**Collected data**

╭──

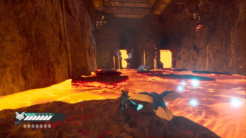 This boss is fairly simple. You won’t fight him directly. You’ve got to make your way up the river of lava. You’ll need to avoid the Bear who is trying to attack you throughout. There are three passage ways behind the Bear. You will need to head up each one and, using your Spirit Fox ability, activate the pillars at the end. Doing this three times will drain the lava and defeat the Bear.
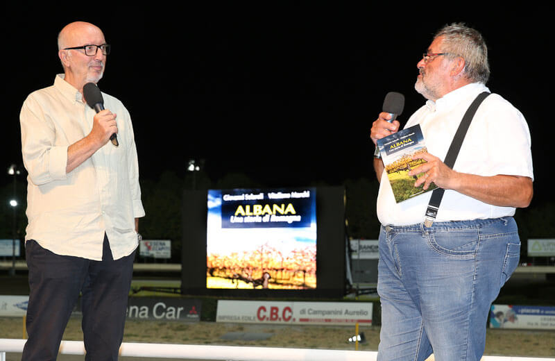 Nella serata di corse è stato presentato dal giornalista Paolo Morelli, per la rassegna “Autori in Pista”, il libro del sommelier Giovanni Solaroli scritto con Vitaliano Marchi: “Albana, una storia di Romagna”.
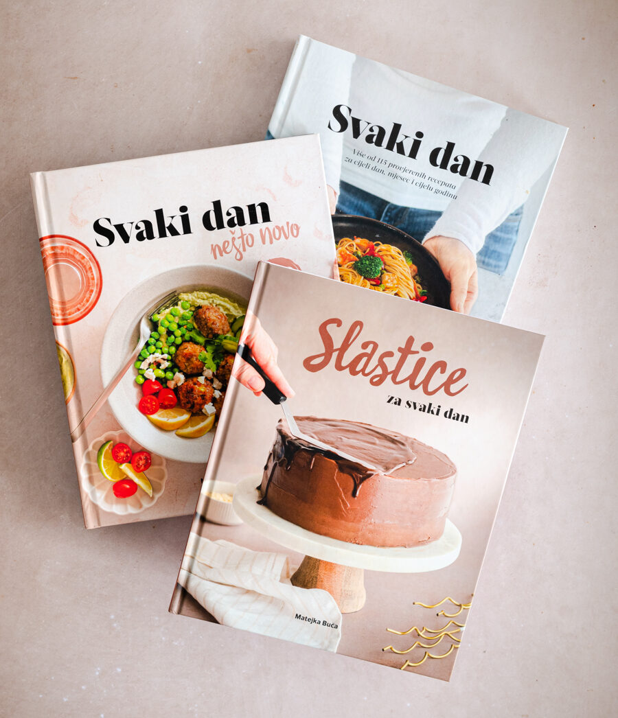 U svoje sam tri kuharice ulila srce i dušu, ali i sve što sam naučila o kuhanju od malih nogu. One su pune praktičnih, jednostavnih i ukusnih jela za svaku prigodu – od doručka do svečanih večera, od obiteljskih proslava do popodneva u parkiću. A jedna je samo o desertima! One su moj dosanjani san u vašim velikodušnim rukama.
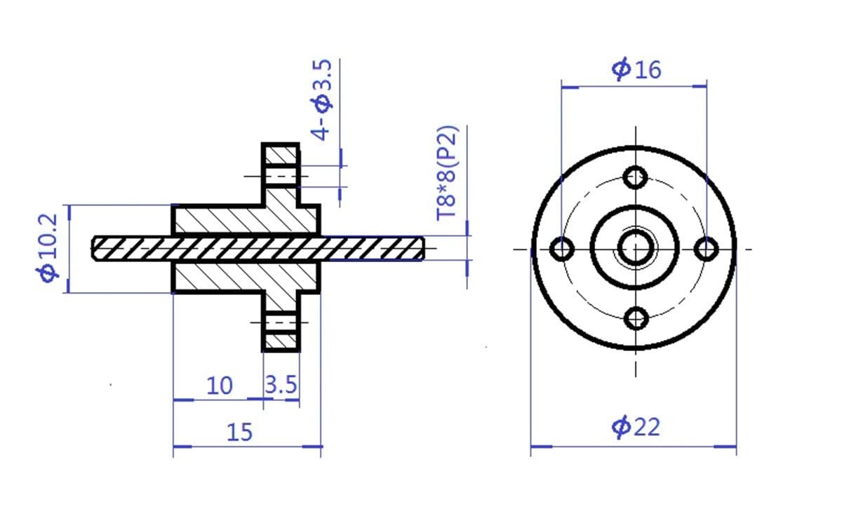 - Single Start Thread with a 2mm pitch and 2mm lead (nut moves 2mm per rotation).
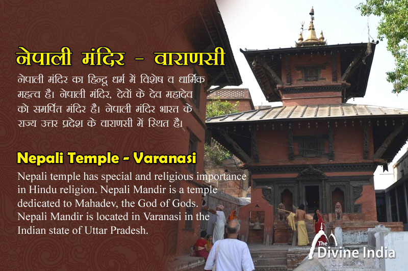 नेपाली मंदिर को नेपाल के काठमांडू में स्थित पशुपतिनाथ के प्रतिकृति माना जाता है। इस मंदिर का निर्माण 19वीं शताब्दी में नेपाल के राजा द्वारा किया गया था। मंदिर का निर्माण टेराकोटा पत्थर और लकड़ी से किया गया है। मंदिर के गर्भगृह में पशुपतिनाथ के रूप में शिवलिंग स्थापित हैं। माना जाता है कि काशी के इस पशुपतिनाथ के दर्शन से वही फल प्राप्त होता है जो नेपाल के पशुपतिनाथ के दर्शन से होता है।

╰──

**EXERCISE INSTRUCTIONS**
Print every line above exactly. Leave the pictures out.

**RESPONSE TO THE EXERCISE**
 This boss is fairly simple. You won’t fight him directly. You’ve got to make your way up the river of lava. You’ll need to avoid the Bear who is trying to attack you throughout. There are three passage ways behind the Bear. You will need to head up each one and, using your Spirit Fox ability, activate the pillars at the end. Doing this three times will drain the lava and defeat the Bear.
 Nella serata di corse è stato presentato dal giornalista Paolo Morelli, per la rassegna “Autori in Pista”, il libro del sommelier Giovanni Solaroli scritto con Vitaliano Marchi: “Albana, una storia di Romagna”.
 U svoje sam tri kuharice ulila srce i dušu, ali i sve što sam naučila o kuhanju od malih nogu. One su pune praktičnih, jednostavnih i ukusnih jela za svaku prigodu – od doručka do svečanih večera, od obiteljskih proslava do popodneva u parkiću. A jedna je samo o desertima! One su moj dosanjani san u vašim velikodušnim rukama.
 - Single Start Thread with a 2mm pitch and 2mm lead (nut moves 2mm per rotation).
 नेपाली मंदिर को नेपाल के काठमांडू में स्थित पशुपतिनाथ के प्रतिकृति माना जाता है। इस मंदिर का निर्माण 19वीं शताब्दी में नेपाल के राजा द्वारा किया गया था। मंदिर का निर्माण टेराकोटा पत्थर और लकड़ी से किया गया है। मंदिर के गर्भगृह में पशुपतिनाथ के रूप में शिवलिंग स्थापित हैं। माना जाता है कि काशी के इस पशुपतिनाथ के दर्शन से वही फल प्राप्त होता है जो नेपाल के पशुपतिनाथ के दर्शन से होता है।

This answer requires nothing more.